Appellee, the conductor upon an electric street car in Houston, brought this suit to recover for injuries sustained by him in a collision between the car of which he was in charge and a train belonging to defendant, at a crossing of the two roads, upon the charge that such collision was caused by the fault of the defendant's servants operating its train. The prominent questions made by the evidence in the trial were — First, whether or not defendant's servants were negligent in failing to ring the bell, or to have a red light upon the end of the car, or in running too fast, or in failing to keep a watchman stationed at the crossing, and whether or not such negligence alone caused the accident; second, whether or not plaintiff and the motorman of the car alone caused the collision, by approaching the crossing at too rapid a rate of speed, and failing to keep a proper lookout; third, whether or not the negligence of both parties contributed to the injury.
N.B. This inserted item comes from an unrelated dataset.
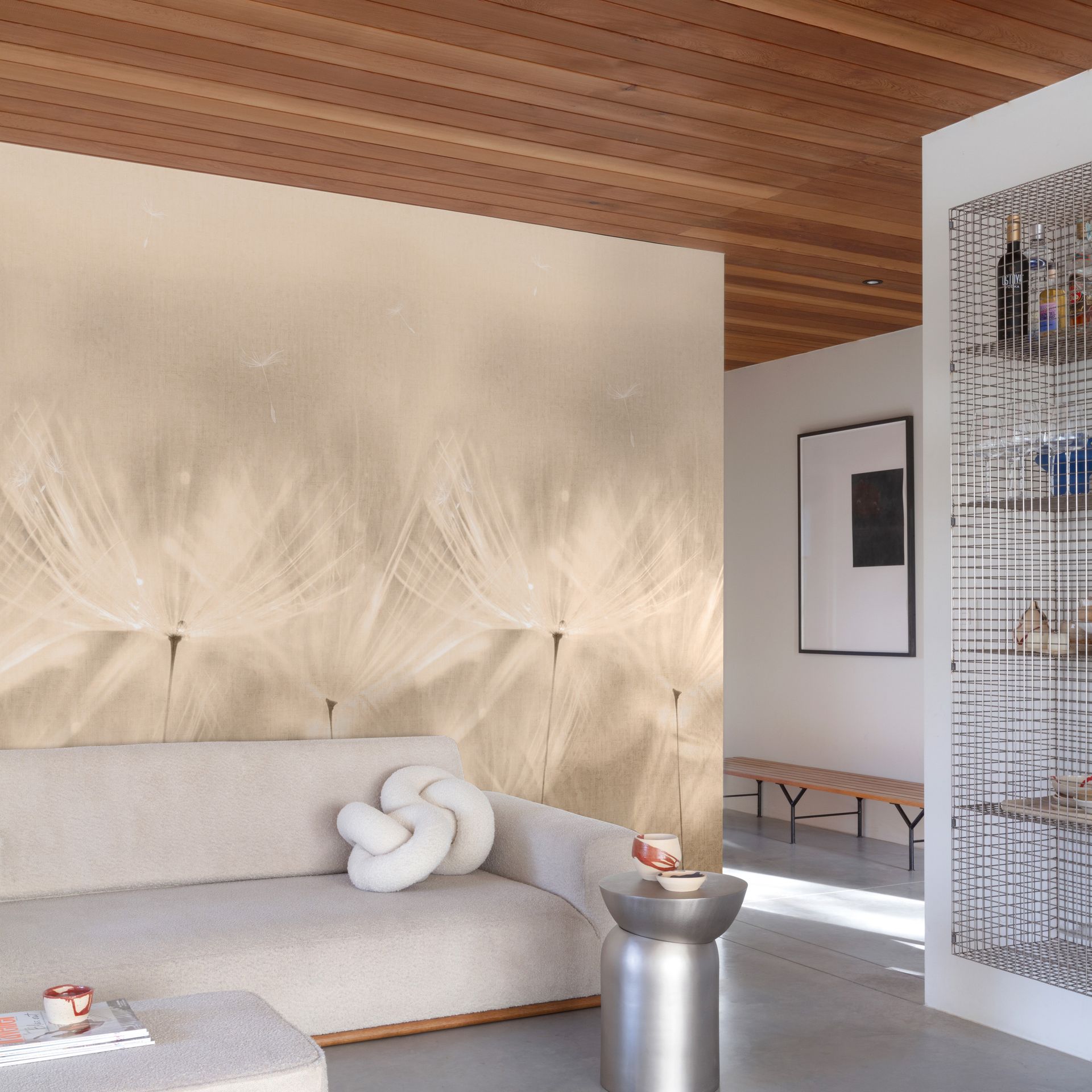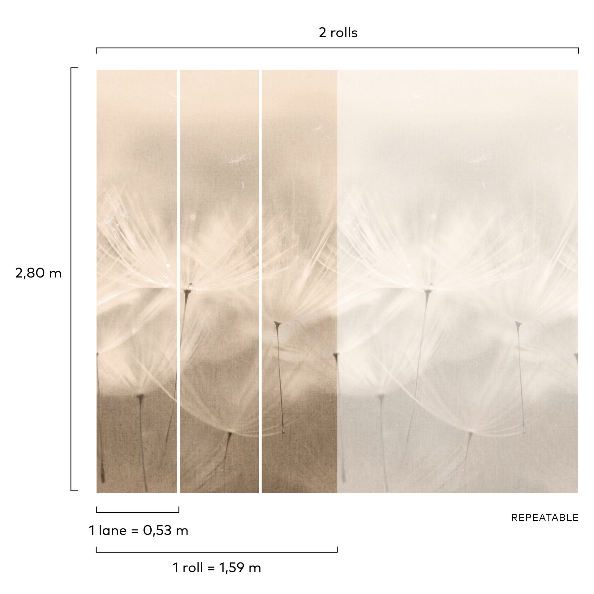 Das großflächig komponierte Motiv wirkt ruhig und harmonisch, während die feinen Linienzeichnungen der Pusteblumen dezent Struktur in den Raum bringen. Die Farbpalette aus warmem Beige, zartem Grau und Taupetönen schafft eine beruhigende Raumatmosphäre, die sich flexibel in verschiedene Einrichtungsstile integriert. Besonders als Akzentwand in Schlaf- oder Wohnzimmern entfaltet sie ihre volle Wirkung.

Upon the first and second questions the evidence was conflicting, there being testimony tending to establish both the affirmative and negative of each. There was also a conflict as to some of the facts affecting the last question, but it is contended by appellant that, taking the view of the testimony bearing upon it most favorable to appellee, the facts which are left uncontradicted show, at least, that he was guilty of contributory negligence. In the view which we take of the cause it is unnecessary to decide this.
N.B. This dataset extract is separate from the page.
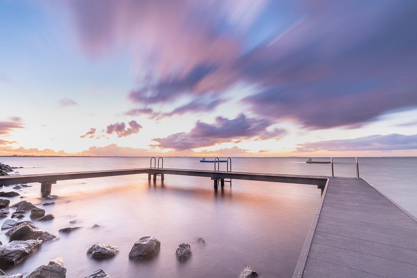 Een dynamische start van de dag bij de zwemsteiger in Ouddorp. De lange sluitertijd, de rust in het water en beweging in de wolken zorgen voor een beeld dat mooi in balans is. Op deze plek word je in de ochtend vaak vergezeld door zwemmers, maar deze ochtend was het heerlijk rustig.

The facts raising the question of contributory negligence all came out in the development of the transaction on which the plaintiff relied for a recovery. To entitle him to recover, it was necessary for him to develop that transaction, and show his relation to and connection with it. It was also the right of defendant, by cross-examination of plaintiff's witnesses, and by introduction of its own witnesses, to cover the same ground, and show the whole of the occurrence put in issue by the action. If, when thus fully developed, the plaintiff's connection with the collision was such as presented the question whether or not he was guilty of negligence, which helped to cause it, the defendant was entitled to have a decision of it, whether pleaded or not. Murray v. Railway Co., 73 Tex. 3, 11 S. W. 125; Railway Co. v. Crowder, 63 Tex. 502; Railway Co. v. Riordan (Tex. Civ. App.) 22 S. W. 519. The testimony admissible under this rule undoubtedly made the question of plaintiff's negligence an important one in the case. If it be admitted that there was evidence which, taken by itself, was sufficient to authorize a finding that plaintiff acted with due care in allowing his car to approach the defendant's track as it did, it cannot be denied that there was other testimony which, if accepted, would have established negligence on...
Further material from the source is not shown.